Magie et technique : une instrumentalité ou une finalité identique. Mauss insiste sur le fait que magie et technique ont pour point commun le faire plus fondamentalement ce qui rend la magie si proche de la technique c’est avant tout son désir de puissance :

Comme le P. Bouyer, nous pensons au contraire que le développement technologique provient d’un désir magique de dominer la nature : Ce dont Bacon et Descartes sont sinon les premiers auteurs, au moins les premiers porte-parole, c’est de l’orientation décisive du développement technologique moderne qui allait assujettir étroitement au moins les premiers progrès de la science physico-chimique à ses propres orientations.
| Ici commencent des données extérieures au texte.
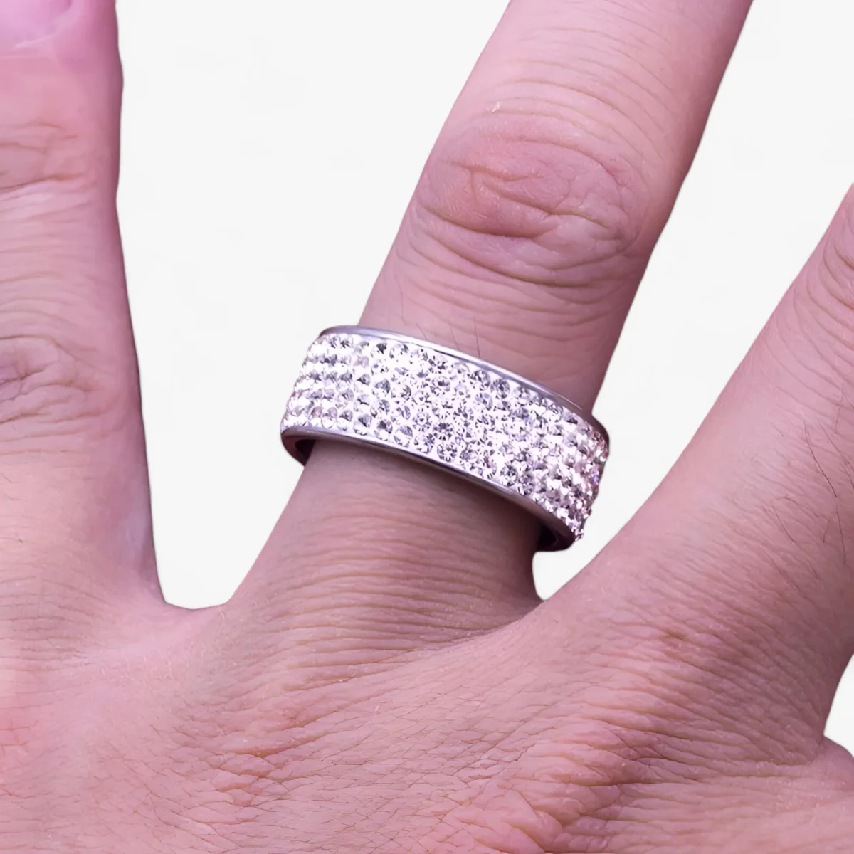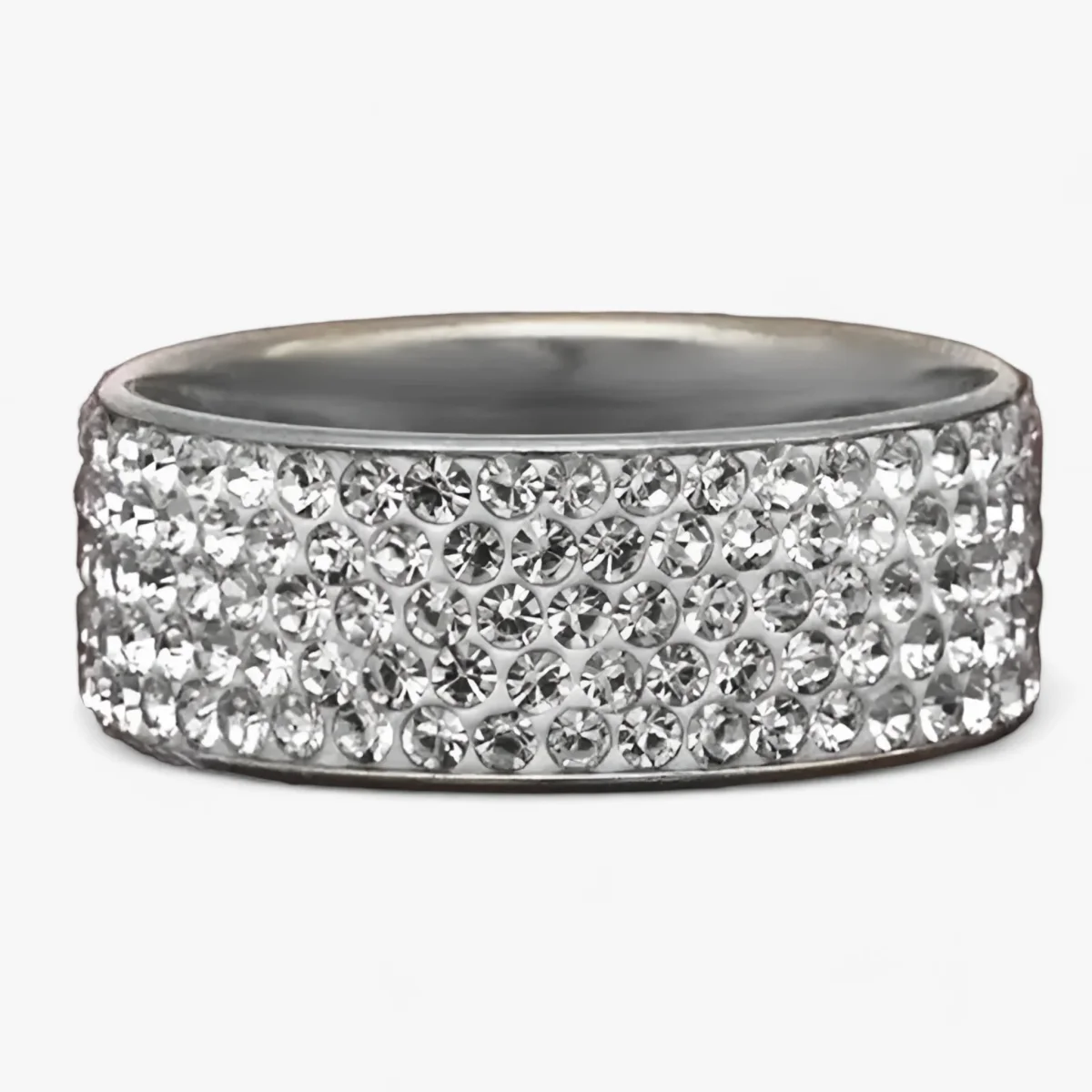 Maak kennis met de Roestvrij Stalen Kristallen Ring, een elegant en tijdloos stuk ontworpen voor vrouwen. Deze 8mm trouwring heeft meerdere rijen sprankelende kristallen die in duurzaam roestvrij staal zijn gezet, waardoor luxe en duurzaamheid worden gecombineerd. Perfect als trouwring of als statementstuk, deze ring voegt een vleugje verfijning en glans toe aan elke gelegenheid.

Et celles-ci, on doit le dire sans hésiter, sont nettement non pas religieuses, et surtout pas dans le sens biblique et chrétien, mais magiques, si la magie est l’effort pour soumettre à l’égocentrisme d’une humanité orgueilleuse et sensuelle même, s’il se peut, les réalités où l’on reconnaît pourtant le doigt de Dieu. »  Louis Bouyer, Cosmos, Cerf ,Paris 1982, p252

Le Logos fait chair, mort et ressuscité comme point d’équilibre entre mythes, magie, rationalité et irrationalité technicienne

Si nous sommes tout à fait convaincus de cette parenté originelle, nous ne sommes pas moins certains que seule l’apparition du christianisme a permis le développement des sciences et des techniques. La foi en un Dieu créateur qui soumet sa création à des lois et non à des esprits permet de libérer l’homme de sa peur des forces naturelles et donc de sa tentative de les dominer par des rites magiques. L’activité sacramentelle de l’Eglise montre la souveraine autorité de la parole humaine soumise au Logos divin. La participation de la parole humaine au Verbe dans le sacrement ouvre la possibilité d’une parole rationnelle, logique ayant une efficacité sur la matière tout en laissant la raison ouverte sur l’infini ce qui l’empêche de s’enfermer dans l’irrationalité.